I write a job spec which lists what we're looking for which is advertised and
passed to recruiters - if you're interested in the job you've almost certainly
seen that.

Assuming you do have the experience, using the spec you should be able to
tweak your CV in about 5 minutes to highlight the key things we're looking
for. If you do that, you've cleared this (very low) bar with a very small time
investment and it's not a problem. If your CV makes it past the recruiter (or
HR department or other non-technical screener) I then know that the CV I'm
looking at is worth my time and the following interview is more focused as I
know a bit more about what you've done where.

Yes you are having to spend time but, as I say, this should be a very short
tweak to your existing CV so it doesn't feel like a big ask given that I'm
going to spend longer than that reading it (and hopefully interviewing you
about it).

Obviously if there is no job spec then this doesn't work so well but there's
usually something, even if it's just stuff you've gleaned from the advert or
conversations with the person you learned about the role from.

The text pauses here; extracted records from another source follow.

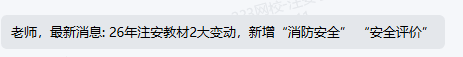 近日,学霸君收到一条新消息:“26年注安教材2大变动,新增“消防安全” “安全评价””
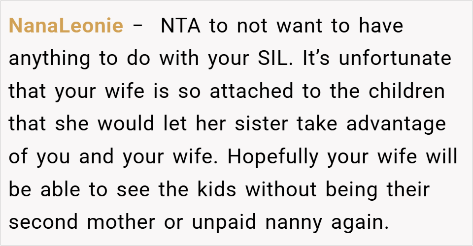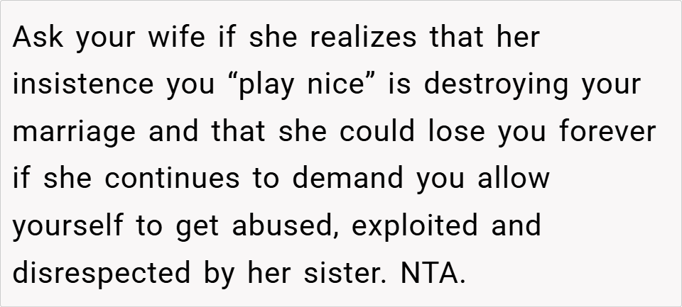 Relationship coach Dr. Tammy Nelson advises: “OP’s wife must prioritize her marriage over her sister’s demands. SIL’s behavior isn’t just toxic—it’s a threat to their union. Couples therapy is critical to align their priorities.”
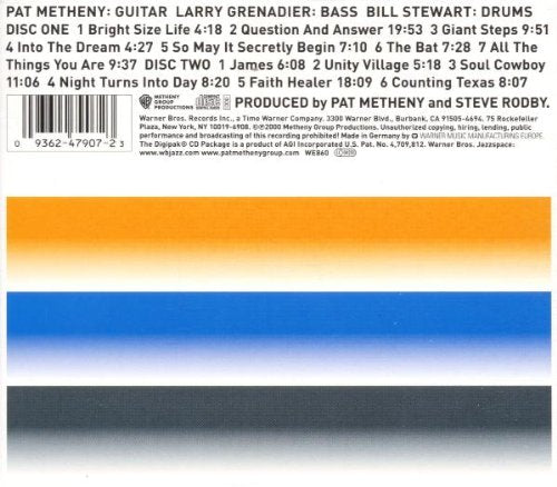 Details: Amazon.ca Pat Metheny's brought a string of trios to bear on his music, none of them lasting as a touring band long enough to bring a session like Trio Live to life. As on Trio 99-00, Metheny's bandstand has Larry Grenadier and Bill Stewart beside him, and they burn from start to finish. Taking up 13 tunes, Metheny shows off every nuance of his talents. Stewart invokes Elvin Jones, with a lead-footed focus on tempo and a hammering power. Grenadier provides calm force, keeping time with steely firmness. Metheny is all over the map, laying back to open the session, throwing off torrents of modulated guitar synth on a 19-minute "Question and Answer" and then diving laconically into one of jazz's least laconic pieces, John Coltrane's "Giant Steps." He's granite thick on the rocking "Faith Healer" and gently harplike on "Into the Dream," grooving steadily in between. All the while, the audience is hyped and involved. The trio has chemistry like Keith Jarrett's standards project, with each member providing texture and finishing each other's musical thoughts telepathically. This you can hear on familiar tunes, as well as on 35 minutes of new material rounding out the second disc. --Andrew Bartlett

As an aside, please don't ever try to get round the keyword thing by listing
everything you've done or used. I had a CV the other week which listed 43
skills, tools and technologies for one nine month role. From that I have no
way of knowing what you used in passing and what you really know - you've
provided so much information it just became noise. My rule when I'm working
out what to put - if you put it on your CV you'd better feel happy answering
(proper) questions about it and I don't believe that you passed that threshold
with 43 things in a nine month period.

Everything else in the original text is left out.